XV. Glendale Cemeteryfn1. Houston
Brady's Island.
1. The evidence of the senses says, "Meaningless!" Says,
"Mechanistic!" Says, "Finite!"
Wild Man
* * *
2. Occam's Razor sometimes cuts too fine.
Celia Celia
* * *
3. Tyrant ego reigns on the just and the unjust.
Horny Teen
* * *
4. What, tyrant, do your beloved senses make of your and your ancestor's waffling about
the "size" of the universe? One age measures it in miles, the next, in light
years, the next, in parsecs.
Mahalia
* * *
5. You hate nudity, tyrant, because you yourself, in the best fairy-tale tradition,
have no clothes. You reign naked but demand we pretend otherwise. You know nothing. You
taste nothing. If nothing lived, and died, and smelled, what a stench you would bring to
paradise.
Hyundai Hunk
* * *
6. You consider the withered and withering body when you must, as often as you must.

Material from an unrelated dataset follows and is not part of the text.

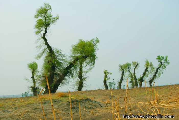 原来的柳林大部份已变成农民的耕地.除了被砍伐掉的,还有的被火烧火烤......
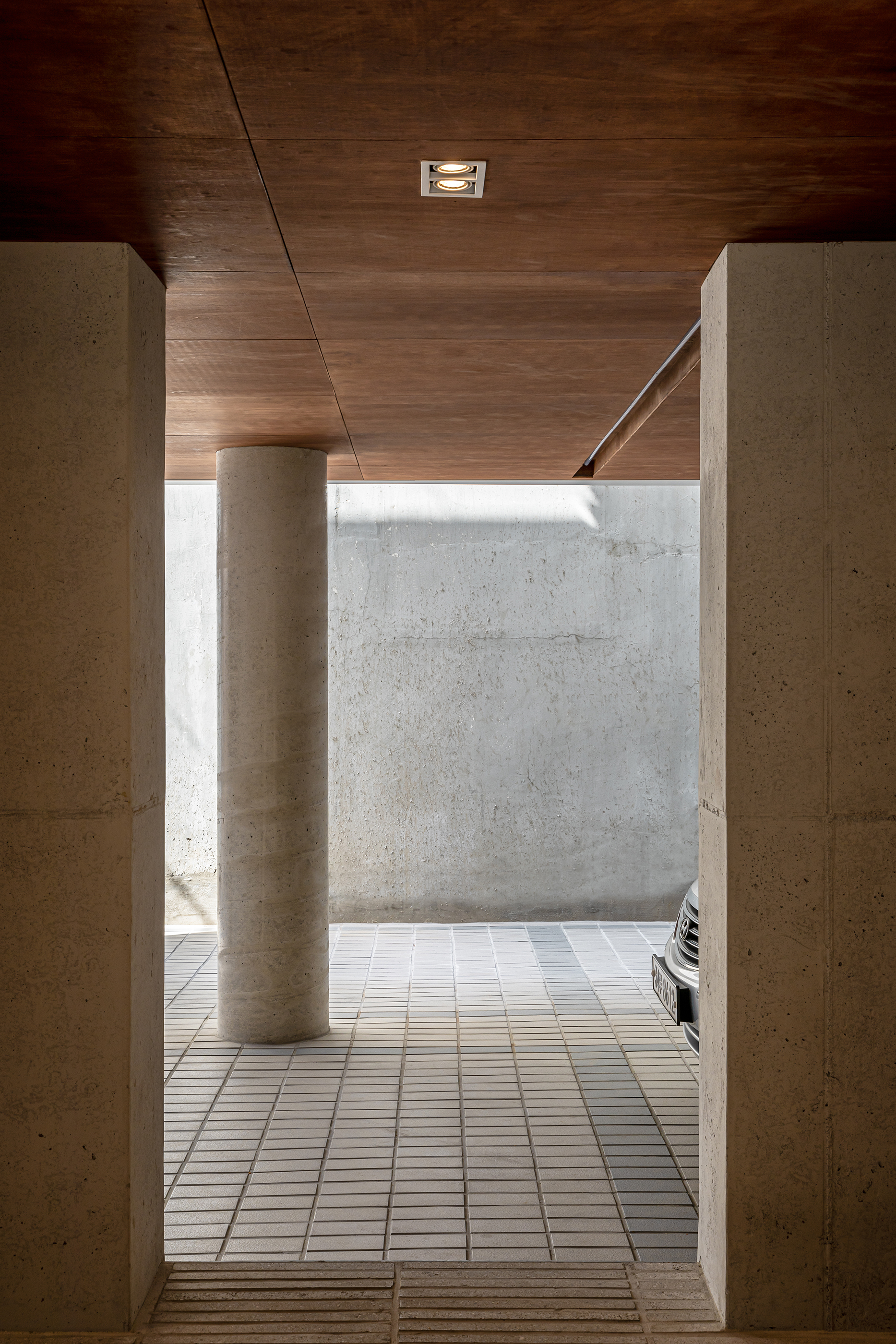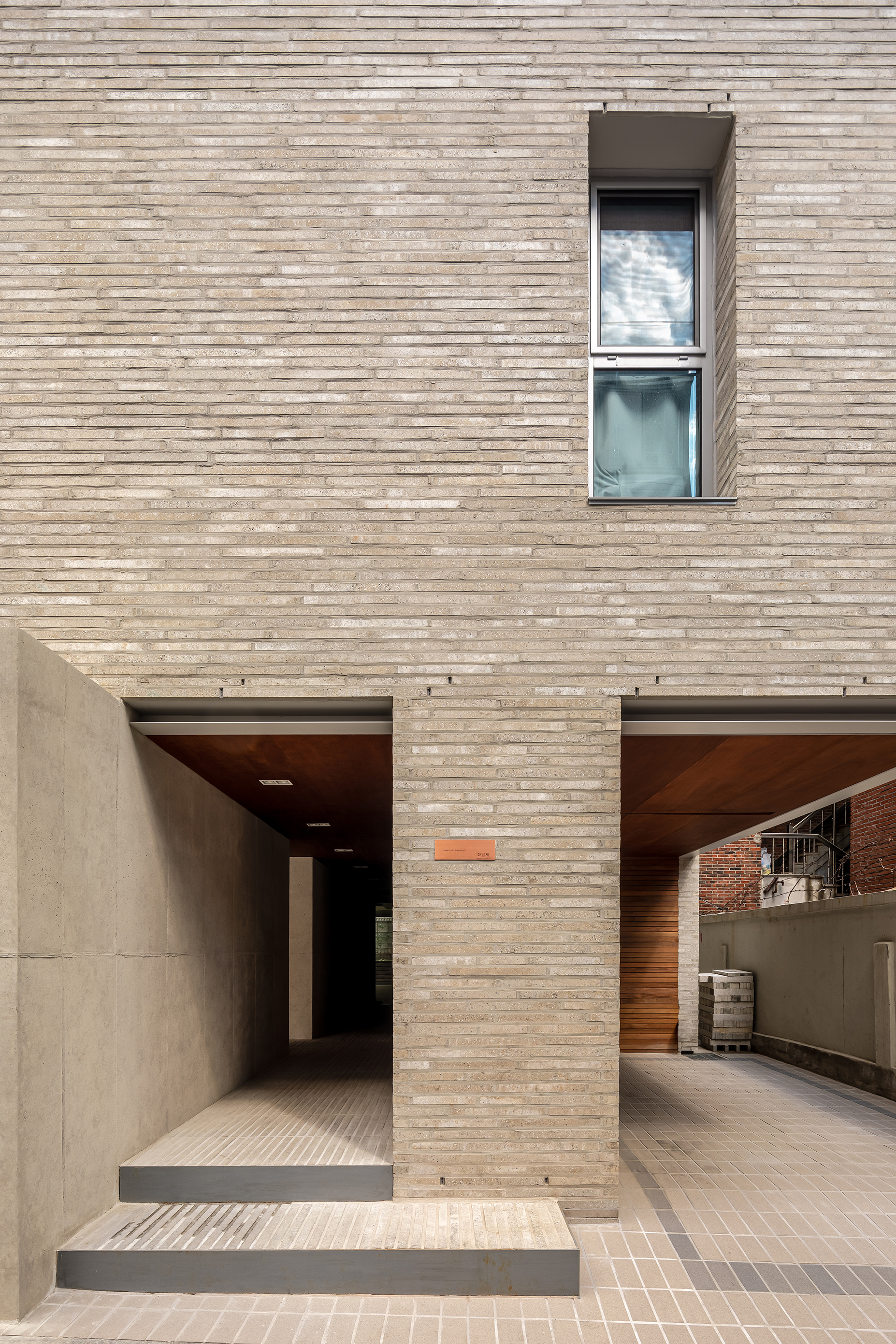 외부의 마감재 선택은 상기에서도 언급했듯이 대지 주변의 혼돈에 기인하며, 그 구축방식이나 색상의 선택에 있어 오랜 시간이 걸리지 않았다. 여러 요소가 다양한 형태와 색상으로 자리 잡고 있는 동네의 풍경 가운데 배경으로 건축이 되기를 바랬으며, 이에 정리된 수직, 수평의 볼륨과 무채색의 마감재를 전체를 구성했다. 형상은 조금씩 다르지만, 그 물성이나 색감이 유사한 노출 콘크리트, 콘크리트 벽돌, 홈벽돌을 적용하여 단조로우면서 지루하지 않은 표정을 갖도록 했다.

Then immediately it's back to pretending death does not exist, which is truly the only
art, the only skill of which you are the perfect master.
Wild Man
* * *
7. The earth round? The universe infinite? Something more to me than you? Of course
not. So you weave your infinite finite clothes, this fine fabric called culture, called
civilization, this natty net in which to catch and, for a while, hold us all, mostly
unsuspecting. And the few who suspect, unless they're very clever, meet the usual brutish
end of tyrant-enemies.
Wild Man
* * *
8. How you fear the clothes-less states: dreams, sex, death.
Wild Man
* * *
9. You, my broken mirror, the "God" of all cultures, are the true virus, the
one true filicidal parent, for you catch and then create and mold us all as children.
Where, exactly, are you? Within, under the earth perhaps? Lurking always, milking, sucking
dry, contented in your unchallenged tyranny? Or beyond beyond, an unprincipled puppet
master pulling unseen strings from unseen flies not even of this dimension?
Wild Man
* * *
10. Is that why we were everywhere drawn to great, dark holesthe Sacred Well at
Chichen Itza, Delphos, and so on? Are you the light-fearing creature sliming about under
all rocks?
Mr. Camp
* * *
11. Labels ever ready, your toadies scream, "Paranoia!" and get out the
hemlock, or the cross, or the iron maiden, or the courts, or the electrodes, or the pills.
Bulls. Capons. Who do not even know they have been castrated, so well-rewarded are they
with money or fame or power.
Wild Man
* * *
12. The earth round?! No! Such insanity! Some unseen Other survive that withered and
stinking flesh after the end of breathing? No! Unless... you follow the strictures of the
Great Toady in the Sky, creation of lesser toadies below, he who says, "Come to me
all ye who are weary and heavy-laden and I will give you peace as long as you give me ten
percent." A blood-sucking agent by any other name...
Horny Teen
* * *
13. We are witnessed, we are helped, but not by little tin gods of little tin men in
shiny tin robes and tiny tin tabernacles, temples, tent, mosques, shrines, synagogues,
churches, cathedrals... O, we are helped wondrously if we but watch, listen, and learn to
wait.
Wild Man
* * *
14. What comes, radically, is a taxonomy of events. Things are not what they seem.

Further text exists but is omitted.